BEGIN Records

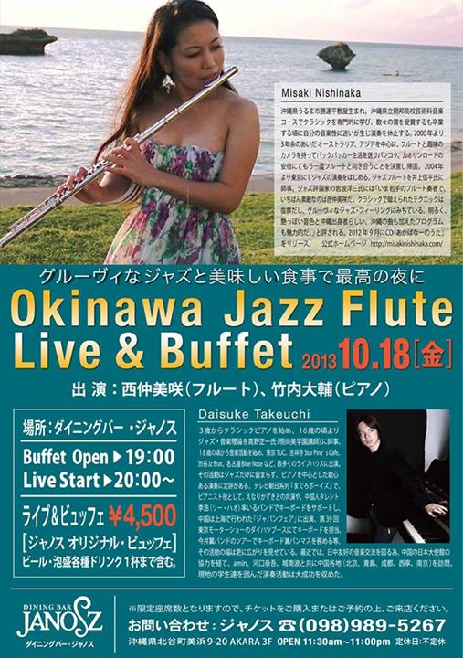 フルートの西仲美咲さんと、沖縄の北谷でビッフェ・ライブを行ってきます。
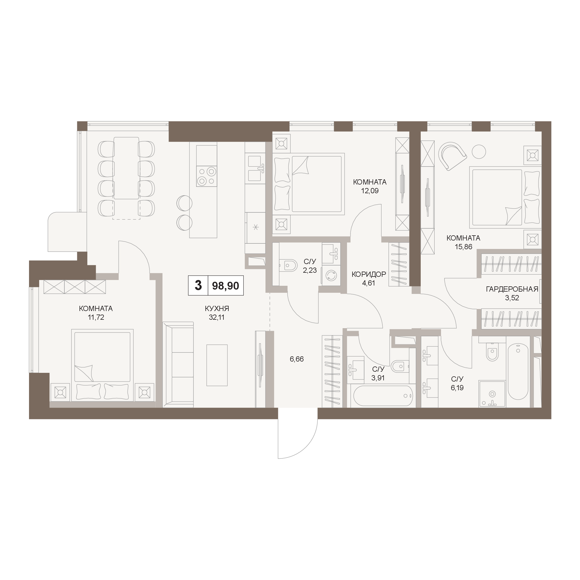 Трехкомнатные квартиры в Five Towers (Файв Тауэрз)
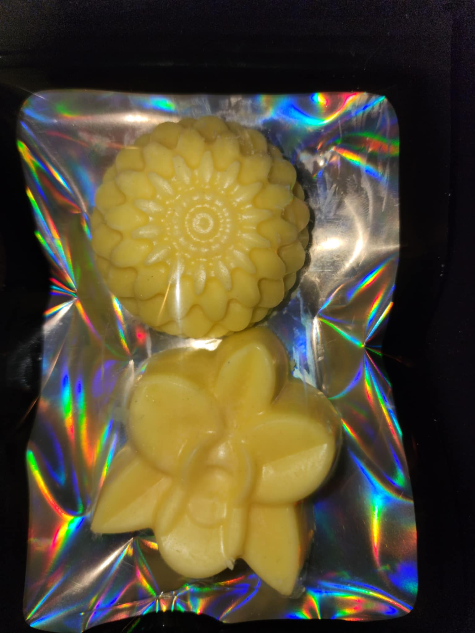 Limited edition. 2-Pack Flower shaped jumbo wax melts made from pure soy wax. Banana and strawberry lemon sorbet scented. You can break these apart or keep as is! Melt and enjoy:)
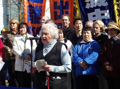 所有的发言者都强烈谴责中共对人民的迫害,尤其是对法轮功的迫害。Fred Muzin说,几年来的实践证明就是法轮功告诉我们的都是真的。“我代表四万两千医疗工会雇员支持你们的抗争,你们的抗争就是我们的抗争。”
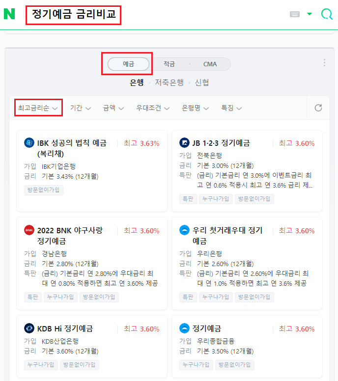 N사에서 제공하는 정기예금.적금 금리에 대한 정보는 각 금융회사의 웹페이지의 공개된 자료를 토대로 제공되는 데이터입니다. 가장 확실한 방법은 첫 번째 방법을 이용하는것을 추천 합니다.

END Records

**Prompt**:
Copy the lines exactly. Start at the line with "Трехкомнатные квартиры в", end at the last line above, include both, and omit all pictures.

**Task output**:
 Трехкомнатные квартиры в Five Towers (Файв Тауэрз)
 Limited edition. 2-Pack Flower shaped jumbo wax melts made from pure soy wax. Banana and strawberry lemon sorbet scented. You can break these apart or keep as is! Melt and enjoy:)
 所有的发言者都强烈谴责中共对人民的迫害,尤其是对法轮功的迫害。Fred Muzin说,几年来的实践证明就是法轮功告诉我们的都是真的。“我代表四万两千医疗工会雇员支持你们的抗争,你们的抗争就是我们的抗争。”
 N사에서 제공하는 정기예금.적금 금리에 대한 정보는 각 금융회사의 웹페이지의 공개된 자료를 토대로 제공되는 데이터입니다. 가장 확실한 방법은 첫 번째 방법을 이용하는것을 추천 합니다.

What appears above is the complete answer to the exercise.